2012-08-05

Romanian diacritic marks in movie subtitles

One important "screen" is the TV screen. In Romania the movies are not dubbed, they are subtitled. This means that all dialogs are presented as text for the viewer to read and understand the movie.

I remember I wanted to learn how to read because I wanted to read the movie subtitles.

 

Television


By using www.cool-itv.net, which uses P2P SoapCast tehnology to distribute cable TV stations I was able to analyze which Romanian diacritics were used in movie subtitles.

Below you will see some screenshots of some TV stations:

Almost all of the TV stations used the old diacritics - S and T cedilla (şŞţŢ) - with the exception of the last one which uses the correct diacritics - S and T comma below (șȘțȚ).

The state-owned public TV broadcasters (TVR1, TVR2 and so on) did their homework and their software can handle Unicode characters and they are using the correct Romanian diacritics. Chapeau!

At least some of them use the same diacritic: Discovery, Animal Planet, ProTV, Pro Cinema, and they did not mix s cedilla with t comma below like HBO, Antena1, and Kanal D.

One interesting case was TCM which used  A Caron (ǎ) instead of A Breve (ă). Also Prima used A Tilde (ã) in their promotional clips.

The usage of the old diacritics is due to the fact that the specialized TV software used is some old software written before Microsoft started promoting Unicode.

Old software and subtitle standard from 1991 is responsible to the major usage of incorrect Romanian diacritics. The 1991 standard is the EBU (European Broadcasting Union) TECH. 3264-E  which doesn't support Unicode characters.

Hopefully all this will change with the arrival of the new EBU-TT Subtitling Specification which was announced on 31st of July 2012. In a couple of years all TV stations will be using the correct Romanian diacritics.

AVI / MKV Movies


The same grim story is presented in the underground movie subtitles scene, for example if you go to http://www.opensubtitles.org/ro and download for example Iron Sky Romanian subtitle you will get only Windows-1250 codepage subtitles. By the way Iron Sky is a cool movie :)

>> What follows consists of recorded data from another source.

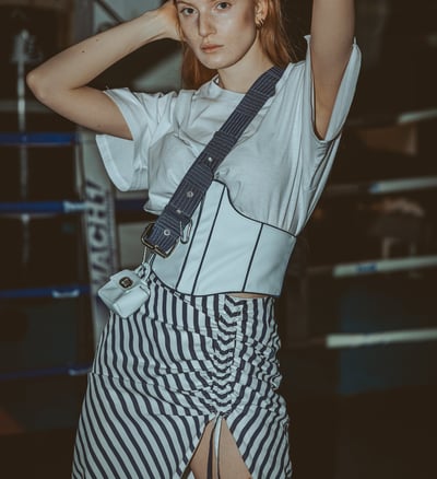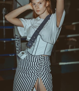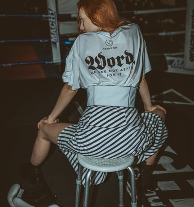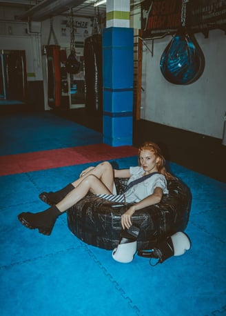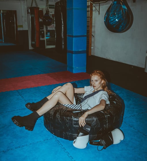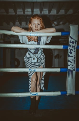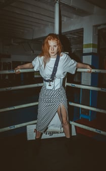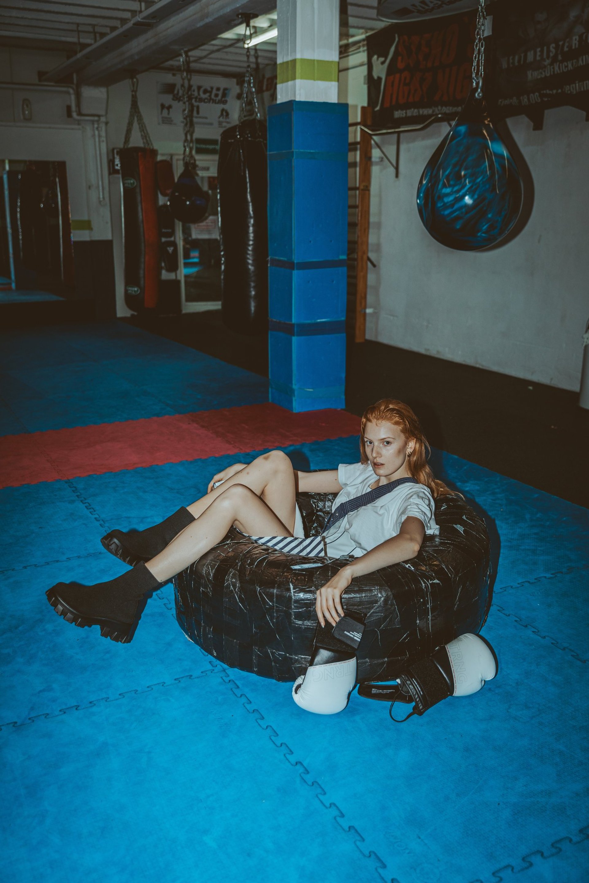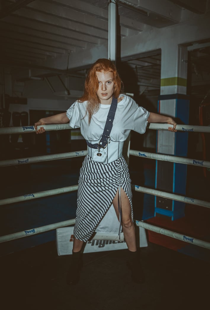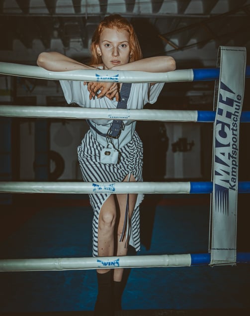 To visually represent the inner struggle and resilience following such trauma, the outfit was photographed in a boxing ring. This setting symbolizes the fight with oneself and the journey toward healing and empowerment.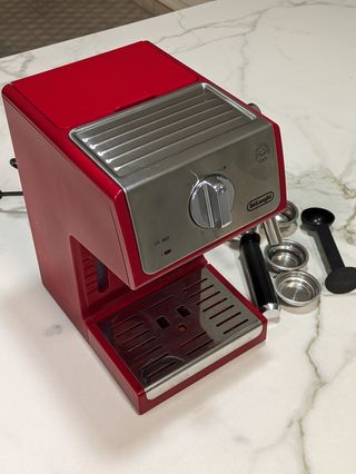 Cafetera espresso DeLonghi de color rojo y acabado cromado. Incluye accesorios para preparar café. - Cafetera espresso. - Color rojo. - Incluye portafiltro y cucharilla medidora.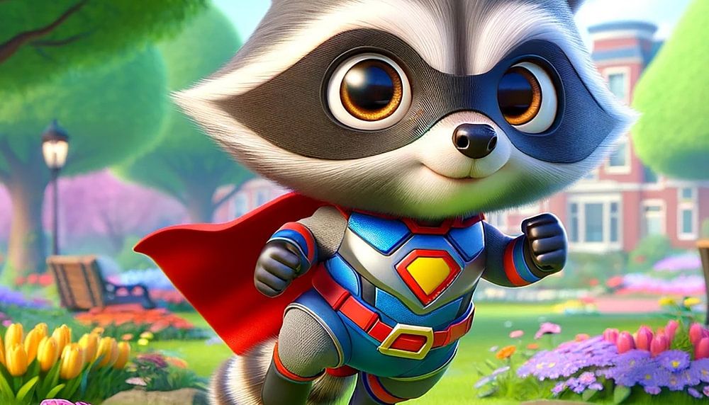 An agile raccoon, dressed in a blue superhero costume with a red cape, sprints through a blooming city park. Trees, flowerbeds and a quiet park bench adorn the surroundings. It's a perfect, sunny day.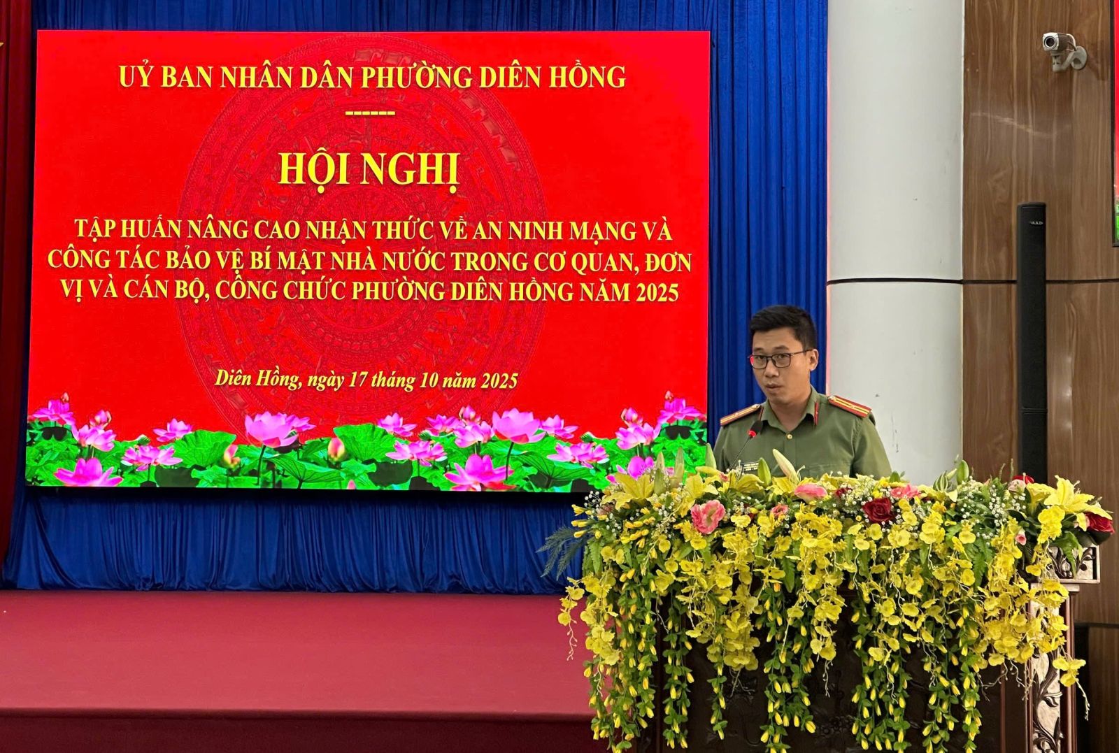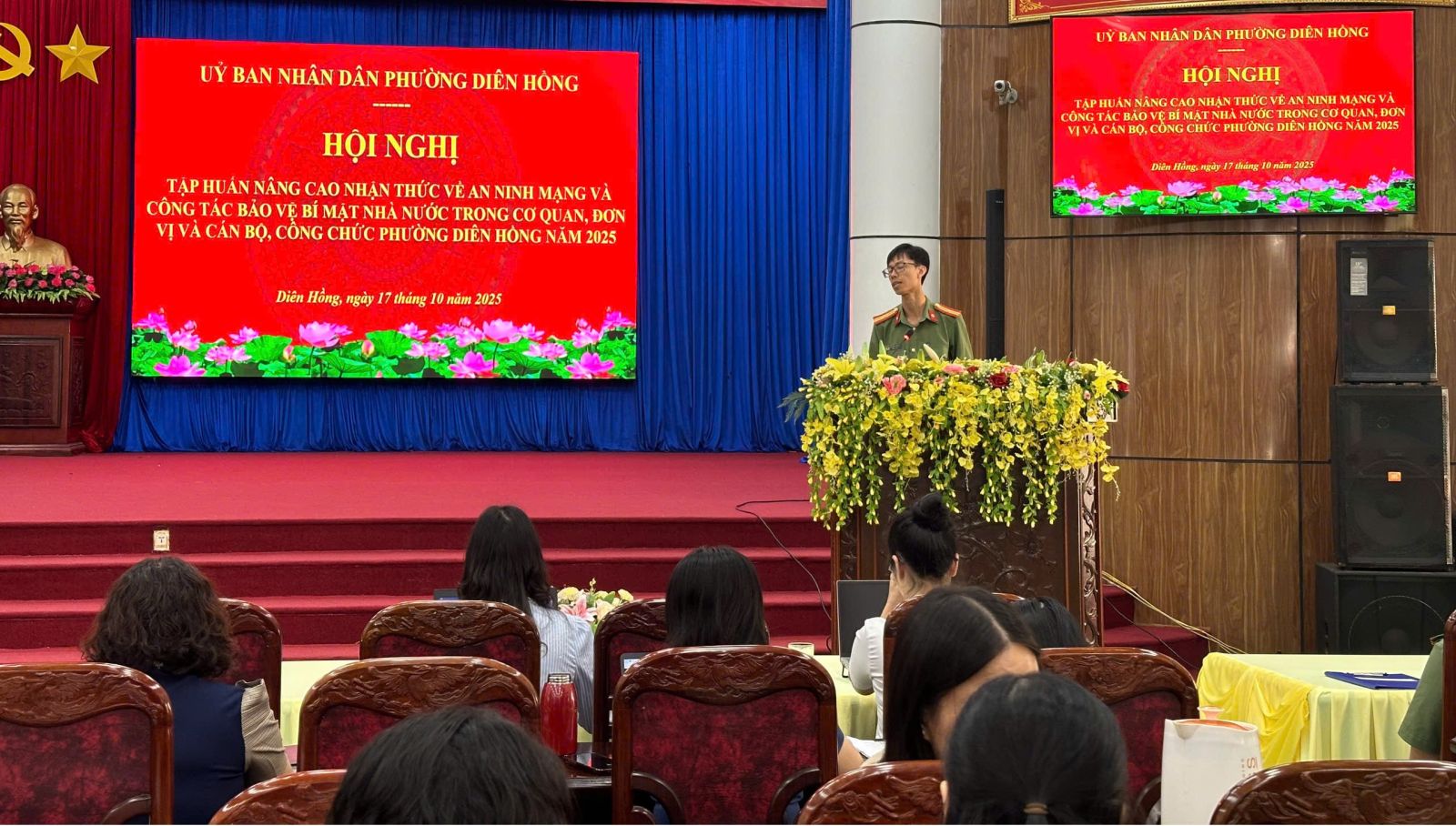 Thực hiện Thông báo số 1555/TB-CAT-PA05 ngày 14/8/2025 của Công an tỉnh Gia Lai về việc khắc phục tồn tại, hạn chế trong công tác bảo đảm an ninh mạng và an toàn thông tin, sáng ngày 17/10/2025, UBND phường Diên Hồng tổ chức Hội nghị tập huấn, nâng cao nhận thức về an ninh mạng và công tác bảo vệ bí mật nhà nước trong cơ quan, đơn vị và cán bộ, công chức phường năm 2025.

Nobody uses Unicode to encode the subtitles, which would not require the user to configure their media player of choice to Windows-1250 / Central European / ISO-8859-2 as default code page for subtitles.

I've created a small Windows tool (133KBytes) which automatically converts subtitles from old diacritics to correct diacritics. The tool can be downloaded from here.

Below you have a screen shot of the tool:

I hope Unicode subtitles will be more popular in the future. There is no need to stick to ANSI code pages!

8 comments:

Dan Bujor said...

Buna treaba cu programul asta. Multumesc, a functionat de minune! Indiferent ce codari si fonturi foloseam nu reuseam sa vad anumite sa vad anumite subtitrari.

ursulupi said...

foarte bine lucrat! multumim!

Unknown said...

extraordinar! multumesc

Anonymous said...

Programelul este excelent. Multumesc!

Unknown said...

Buna ziua,
Ce inseamna : Trage si lasa sa cada? Adica ce trebuie sa fac sa-l instalez?

Unknown said...

Buna ziua, Ce inseamna Lasa sa cada? Ce trebuie sa fac sa-l instalez?

Cristian said...

@Unknown Drag & Drop ar fi traducerea la Trage și lasă să cadă.

Lansezi executabilul "subtitrări_unicode.exe" și apoi "drag & drop" unui fișier .sub/.srt

snow said...

De câteva ori pe ani revin la pagina asta să văd dacă nu cumva au apărut noutăți gen multi-drag&drop sau măcar un link de GitHub către surse în care să îmi bag degetele. Folosesc aplicația de mulți, mersi!